■ **DATASET**:
+++

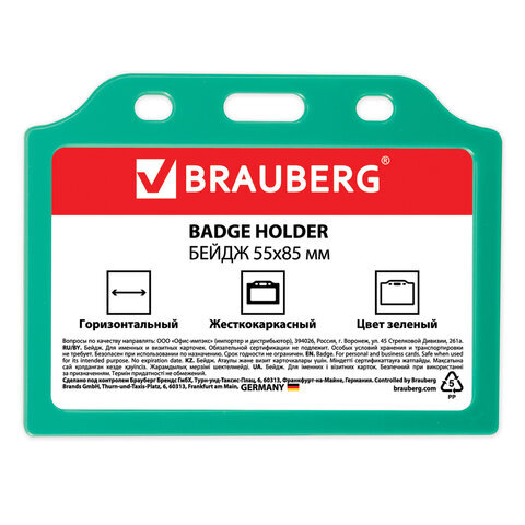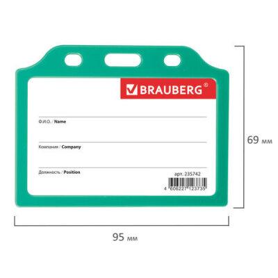 Горизонтальный бейдж BRAUBERG для именной карточки предназначен для идентификации сотрудников в компаниях, а также на семинарах, тренингах, презентациях и других мероприятиях.
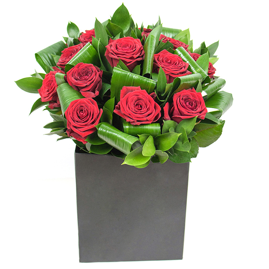 Immerse yourself in the beauty and sophistication of our elegant red roses bouquet. This lush arrangement features vibrant red roses paired with rich aspidistra leaves and graceful ruscus, creating a stunning focal point for any setting.
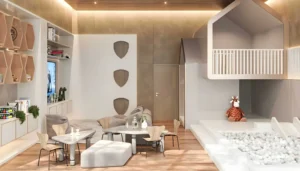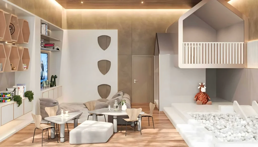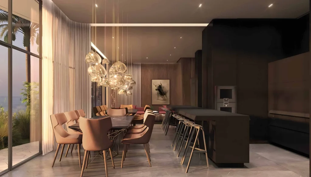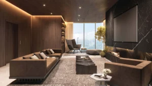 The project offers a wide range of residential formats, including studios, 1–3 bedroom apartments, three-bedroom penthouses, three-bedroom villas, and five-bedroom mansions. Unit sizes range from approximately 410 to 9,190 sq.ft, depending on layout and typology. Studios include storage space, with selected layouts offering private pools. One- to three-bedroom residences feature 2–3 bathrooms, guest powder rooms, and laundry areas, with select units offering walk-in wardrobes and private pools. Three-bedroom penthouses include private pools and staff rooms. G+3 villas and mansions feature private gardens and pools, multiple lounges, fitness rooms, home offices, laundry rooms, storage areas, and staff facilities. All residences are fully furnished and equipped with smart home systems for climate control, lighting, and security.
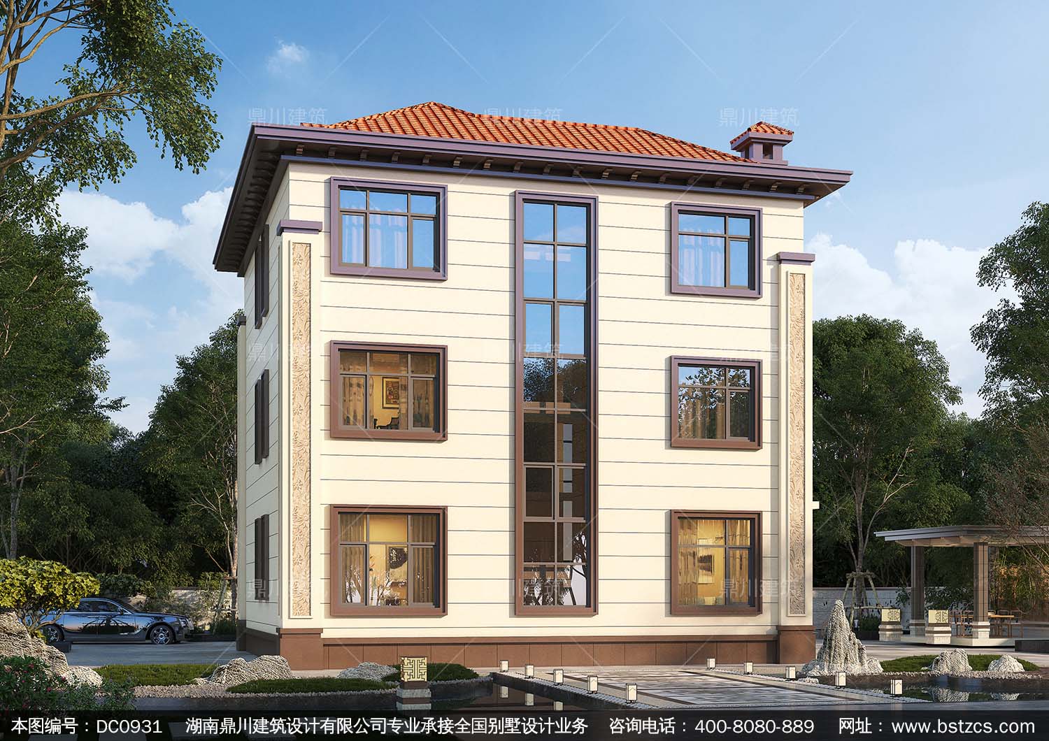 新中式三層挑空客廳別墅施工圖紙及外觀效果圖_農(nóng)村自建房設(shè)計,鼎川建筑
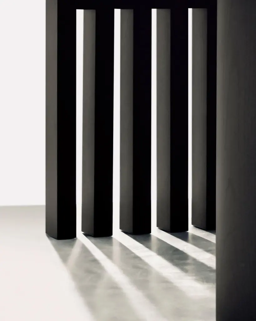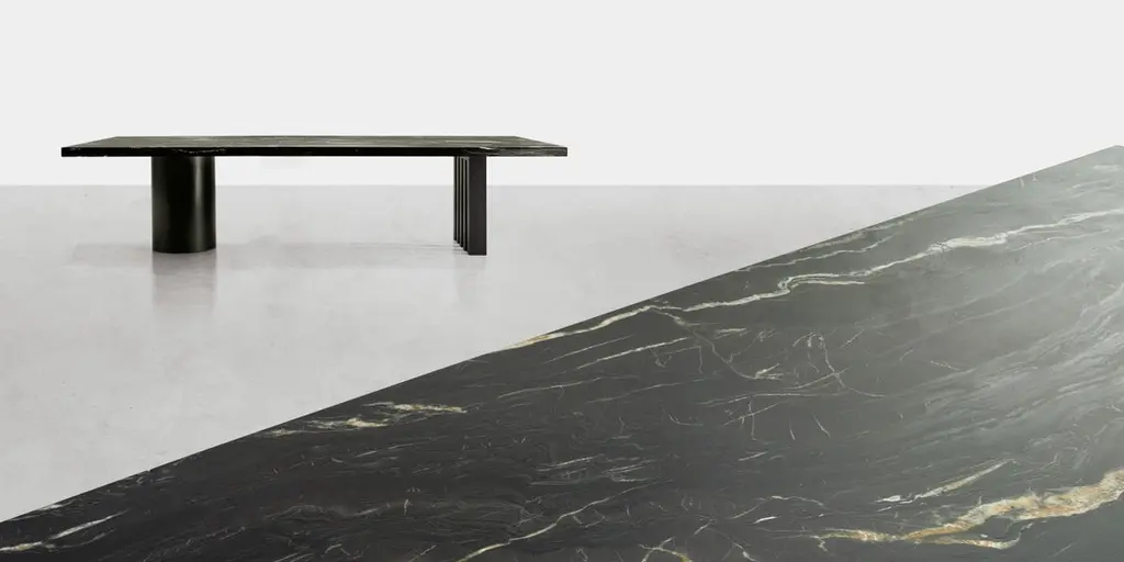 The table, in rectangular and round versions, is inspired by the spectacular landscape of the U.S.Ozarks mountain range region: forests of towering trees with regular, straight trunks tend upward in contrastto the horizontal placidity of the lake. The table seems to emulate these two opposite movements.Curved and straight plywood base with Black Ash veneer in matt finish. Top in Belvedere brushed naturalmarble with workmanship for the 6cm height. Multilayer under top.More wooden veneers, lacquered finishes and Pure Metal finishes are available as per sample book.Belvedere granite originally from Africa, in the natural brushed finish, has a strong material impact... It is wonderfully pleasant to the touch.

+++

■ **YOUR INSTRUCTIONS**: Set down the records above word for word, from the first line through the line containing "新中式三層挑空客廳別墅施工圖", both included; leave out the pictures.

■ **EXERCISE SOLUTION**:
 Горизонтальный бейдж BRAUBERG для именной карточки предназначен для идентификации сотрудников в компаниях, а также на семинарах, тренингах, презентациях и других мероприятиях.
 Immerse yourself in the beauty and sophistication of our elegant red roses bouquet. This lush arrangement features vibrant red roses paired with rich aspidistra leaves and graceful ruscus, creating a stunning focal point for any setting.
 The project offers a wide range of residential formats, including studios, 1–3 bedroom apartments, three-bedroom penthouses, three-bedroom villas, and five-bedroom mansions. Unit sizes range from approximately 410 to 9,190 sq.ft, depending on layout and typology. Studios include storage space, with selected layouts offering private pools. One- to three-bedroom residences feature 2–3 bathrooms, guest powder rooms, and laundry areas, with select units offering walk-in wardrobes and private pools. Three-bedroom penthouses include private pools and staff rooms. G+3 villas and mansions feature private gardens and pools, multiple lounges, fitness rooms, home offices, laundry rooms, storage areas, and staff facilities. All residences are fully furnished and equipped with smart home systems for climate control, lighting, and security.
 新中式三層挑空客廳別墅施工圖紙及外觀效果圖_農(nóng)村自建房設(shè)計,鼎川建筑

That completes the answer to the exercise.